§ **WHAT YOU WILL DO**
Please copy all of the entries exactly, but drop every picture.

§ **PROVIDED RECORDS**
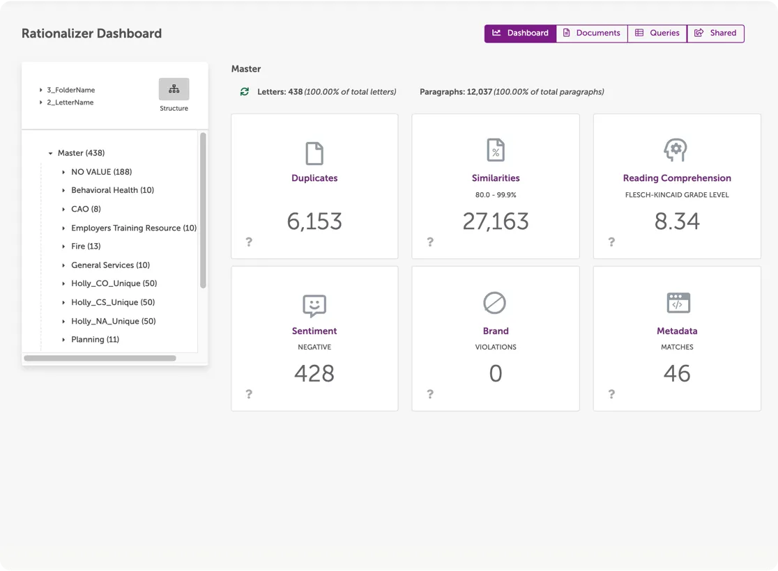 - Consolidation of Duplicates: Detects exact and similar content to consolidate and reduce the total number of content objects under management.
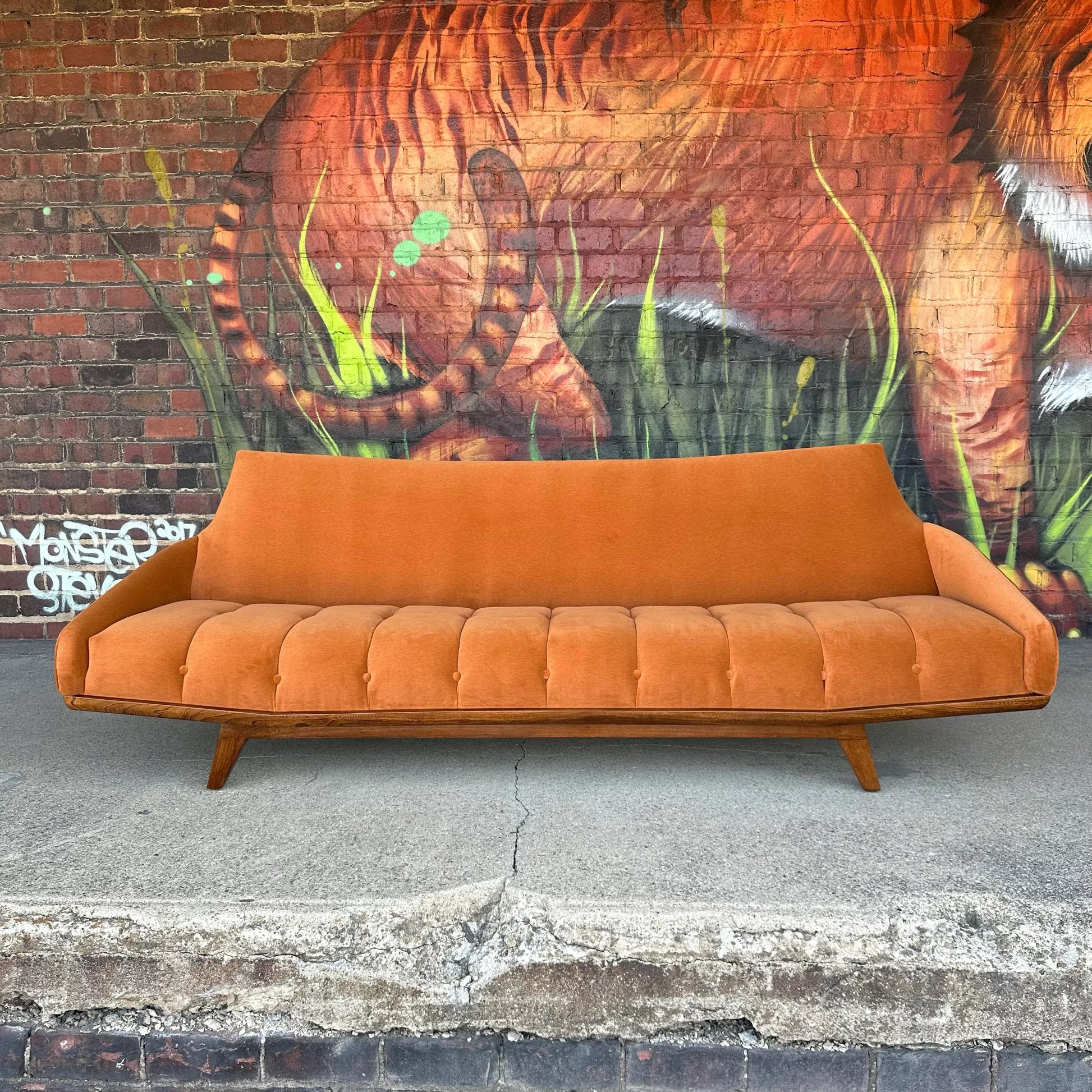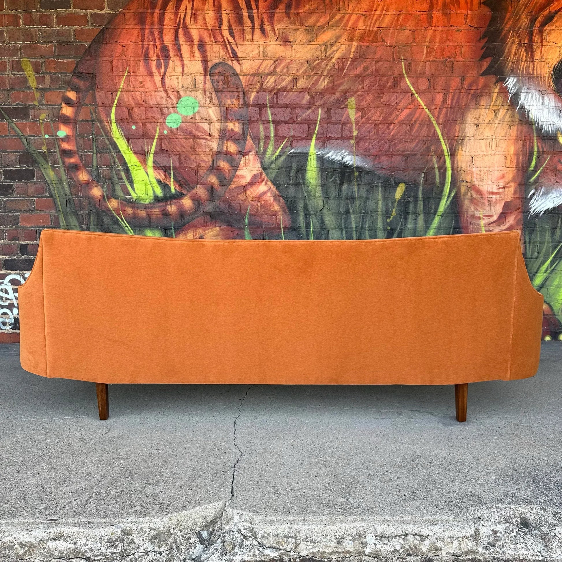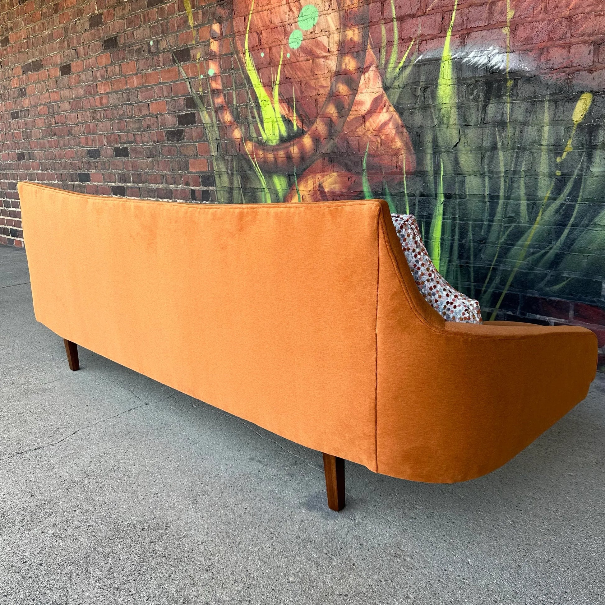 Mid-Century Modern Pearsall Style Sofa that has been completely restored. This sofa has incredible curves and angles giving it an interesting form. It’s recovered in a muted orange velvet with contrasting cushions featuring colors of pink, rust, baby blue, and gray.
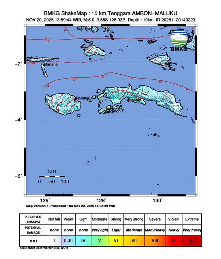 Gempabumi berkekuatan 6,0 magnitudo mengguncang wilayah Pulau Ambon dan sekitarnya, Kamis (20/11/2025) sekitar pukul 15: 59 WIT.
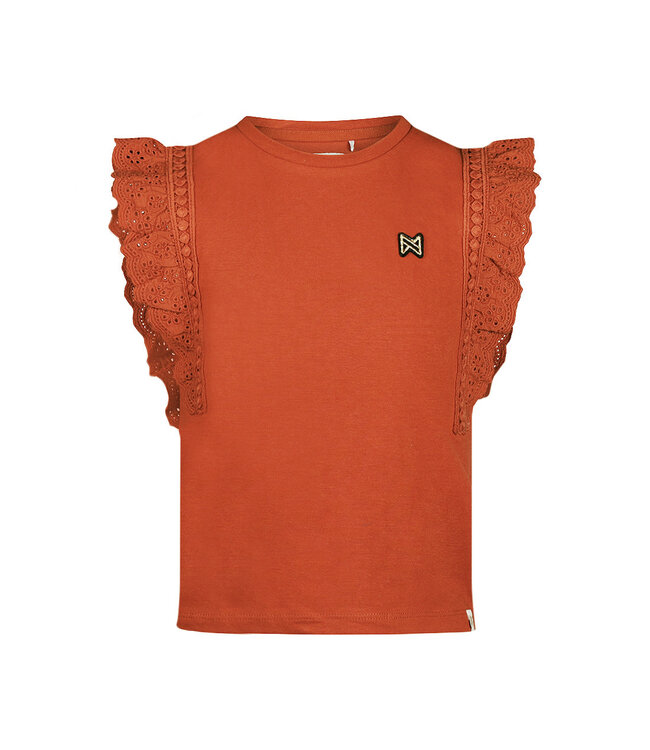 Katoenen t-shirt met prachtige kant details op de schouder boorden
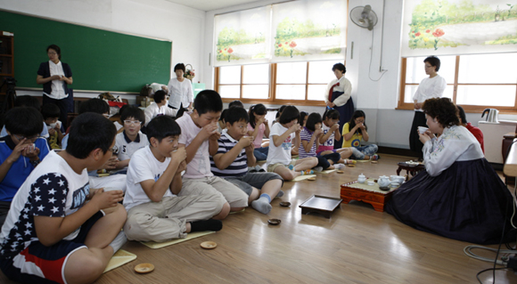 지난 14일과 15일 여수 율촌중학교와 목포동초등학교를 방문한 10여명의 회원들은 300여명의 학생을 대상으로 다례 교육을 실시하고, 보성차밭을 배경으로 한 사진전도 가졌다.
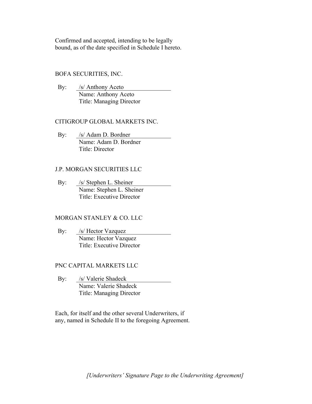 [Underwriters’ Signature Page to the Underwriting Agreement] Confirmed and accepted, intending to be legally bound, as of the date specified in Schedule I hereto. BOFA SECURITIES, INC. By: /s/ Anthony Aceto Name: Anthony Aceto Title: Managing Director CITIGROUP GLOBAL MARKETS INC. By: /s/ Adam D. Bordner Name: Adam D. Bordner Title: Director J.P. MORGAN SECURITIES LLC By: /s/ Stephen L. Sheiner Name: Stephen L. Sheiner Title: Executive Director MORGAN STANLEY & CO. LLC By: /s/ Hector Vazquez Name: Hector Vazquez Title: Executive Director PNC CAPITAL MARKETS LLC By: /s/ Valerie Shadeck Name: Valerie Shadeck Title: Managing Director Each, for itself and the other several Underwriters, if any, named in Schedule II to the foregoing Agreement.
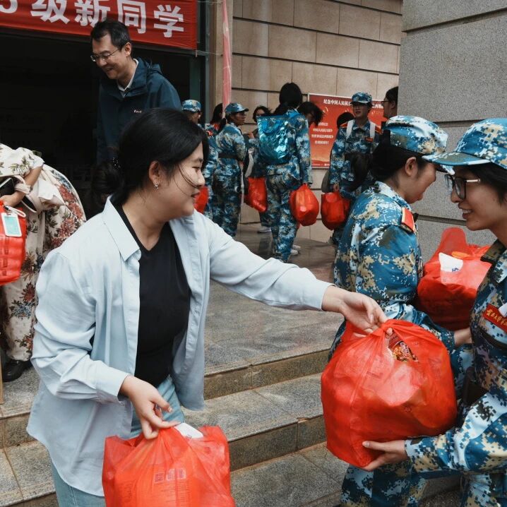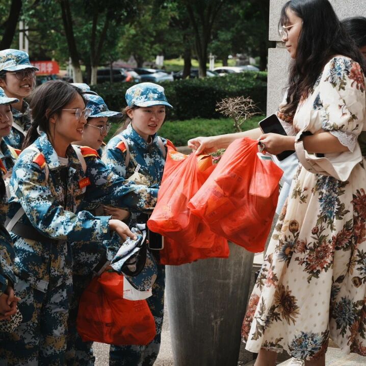 学院为同学们准备了面包、纸巾等慰问物资,同学们依次领取了慰问物品。愿新同学们带着学院的殷切希望,在军训场上、在大学校园里不负青春、超越自我。
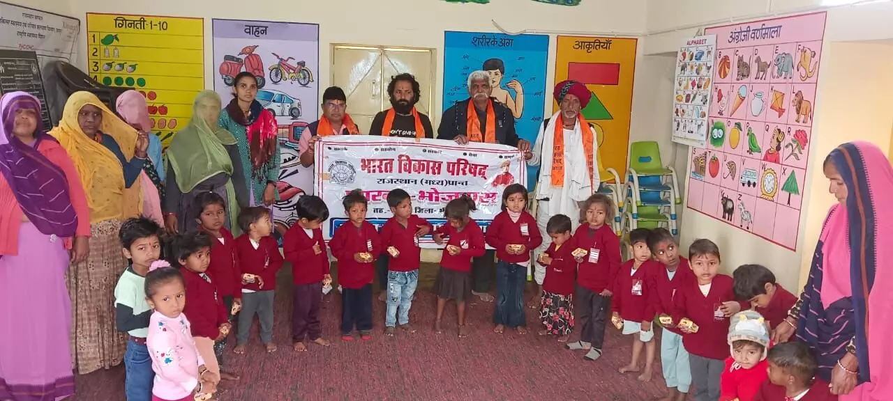 आकोला (रमेश चंद्र डाड)भारत विकास परिषद शाखा भोजरास द्वारा आज 65 जर्सियां जरूरतमंद बच्चों, बुजुर्ग सहित चार आंगनबाड़ी केंद्र(आंगनबाड़ी केंद्र भोजरास1, आंगनबाड़ी केंद्र लक्ष्मणपुरा, आंगनबाड़ी केंद्र आपलियास, आंगनबाड़ी केंद्र भगवानपुरा )के जरूरतमंद नन्हे मुन्ने बच्चों को तिलक लगाकर, बिस्कुट पैकेट देकर जर्सी वितरण की गई। आंगनबाड़ी केंद्रों पर बच्चों के चेहरे खुशी से झूम उठे। इस खुशी को परिषद के माध्यम से साकार करने वाले (रणजीत गोरा, सोलिन राय, भंवर लाल शर्मा, कन्हैया लाल गुर्जर) आदि भामाशाहों का सहयोग प्राप्त हुआ। भोजरास शाखा परिवार की ओर से उन सभी भामाशाहों का धन्यवाद ज्ञापित किया गया। इस सत्र में अभी तक शाखा द्वारा 191 जर्सीया वितरण की गई। इस अवसर पर शाखा अध्यक्ष भंवरलाल टेलर, शाखा सेवा प्रमुख अशोक अजमेरा, शाखा पूर्व अध्यक्ष लादूराम जाट, पूरणमल मानावत, आदि परिषद सदस्य, रघुनाथ चौहान, गोकुल गुर्जर, गजानंद शर्मा, घासी गुर्जर आदि ग्रामीण जन व परिषद मातृशक्ति रेखा देवी अजमेरा, कैलाश देवी टेलर, सुमित्रा जाट, ऋषि राज , विमला शर्मा व आंगनबाड़ी सहायिकाएं उपस्थिति रही। आंगनवाड़ी कार्यकर्ता द्वारा सभी परिषद सदस्यों का धन्यवाद ज्ञापित किया गया।
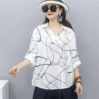 YF4426-(3色入内)胖MM显瘦大码不规则线条印花长袖V领宽松显瘦衬衫上衣
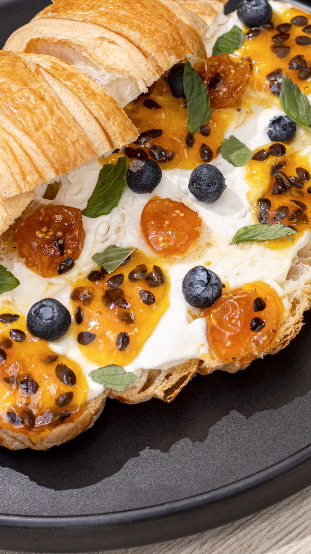 Delicioso croissant relleno de mermelada de frutos amarillos, acompañado de salsa de maracuyá, queso
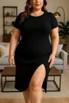 Kadın Büyük Beden Kısa Kollu Yanı Yırtmaçlı Bisiklet Yaka Viskon Elbise

§ **ANSWER SPACE**
 - Consolidation of Duplicates: Detects exact and similar content to consolidate and reduce the total number of content objects under management.
 Mid-Century Modern Pearsall Style Sofa that has been completely restored. This sofa has incredible curves and angles giving it an interesting form. It’s recovered in a muted orange velvet with contrasting cushions featuring colors of pink, rust, baby blue, and gray.
 Gempabumi berkekuatan 6,0 magnitudo mengguncang wilayah Pulau Ambon dan sekitarnya, Kamis (20/11/2025) sekitar pukul 15: 59 WIT.
 Katoenen t-shirt met prachtige kant details op de schouder boorden
 지난 14일과 15일 여수 율촌중학교와 목포동초등학교를 방문한 10여명의 회원들은 300여명의 학생을 대상으로 다례 교육을 실시하고, 보성차밭을 배경으로 한 사진전도 가졌다.
 [Underwriters’ Signature Page to the Underwriting Agreement] Confirmed and accepted, intending to be legally bound, as of the date specified in Schedule I hereto. BOFA SECURITIES, INC. By: /s/ Anthony Aceto Name: Anthony Aceto Title: Managing Director CITIGROUP GLOBAL MARKETS INC. By: /s/ Adam D. Bordner Name: Adam D. Bordner Title: Director J.P. MORGAN SECURITIES LLC By: /s/ Stephen L. Sheiner Name: Stephen L. Sheiner Title: Executive Director MORGAN STANLEY & CO. LLC By: /s/ Hector Vazquez Name: Hector Vazquez Title: Executive Director PNC CAPITAL MARKETS LLC By: /s/ Valerie Shadeck Name: Valerie Shadeck Title: Managing Director Each, for itself and the other several Underwriters, if any, named in Schedule II to the foregoing Agreement.
 学院为同学们准备了面包、纸巾等慰问物资,同学们依次领取了慰问物品。愿新同学们带着学院的殷切希望,在军训场上、在大学校园里不负青春、超越自我。
 आकोला (रमेश चंद्र डाड)भारत विकास परिषद शाखा भोजरास द्वारा आज 65 जर्सियां जरूरतमंद बच्चों, बुजुर्ग सहित चार आंगनबाड़ी केंद्र(आंगनबाड़ी केंद्र भोजरास1, आंगनबाड़ी केंद्र लक्ष्मणपुरा, आंगनबाड़ी केंद्र आपलियास, आंगनबाड़ी केंद्र भगवानपुरा )के जरूरतमंद नन्हे मुन्ने बच्चों को तिलक लगाकर, बिस्कुट पैकेट देकर जर्सी वितरण की गई। आंगनबाड़ी केंद्रों पर बच्चों के चेहरे खुशी से झूम उठे। इस खुशी को परिषद के माध्यम से साकार करने वाले (रणजीत गोरा, सोलिन राय, भंवर लाल शर्मा, कन्हैया लाल गुर्जर) आदि भामाशाहों का सहयोग प्राप्त हुआ। भोजरास शाखा परिवार की ओर से उन सभी भामाशाहों का धन्यवाद ज्ञापित किया गया। इस सत्र में अभी तक शाखा द्वारा 191 जर्सीया वितरण की गई। इस अवसर पर शाखा अध्यक्ष भंवरलाल टेलर, शाखा सेवा प्रमुख अशोक अजमेरा, शाखा पूर्व अध्यक्ष लादूराम जाट, पूरणमल मानावत, आदि परिषद सदस्य, रघुनाथ चौहान, गोकुल गुर्जर, गजानंद शर्मा, घासी गुर्जर आदि ग्रामीण जन व परिषद मातृशक्ति रेखा देवी अजमेरा, कैलाश देवी टेलर, सुमित्रा जाट, ऋषि राज , विमला शर्मा व आंगनबाड़ी सहायिकाएं उपस्थिति रही। आंगनवाड़ी कार्यकर्ता द्वारा सभी परिषद सदस्यों का धन्यवाद ज्ञापित किया गया।
 YF4426-(3色入内)胖MM显瘦大码不规则线条印花长袖V领宽松显瘦衬衫上衣
 Delicioso croissant relleno de mermelada de frutos amarillos, acompañado de salsa de maracuyá, queso
 Kadın Büyük Beden Kısa Kollu Yanı Yırtmaçlı Bisiklet Yaka Viskon Elbise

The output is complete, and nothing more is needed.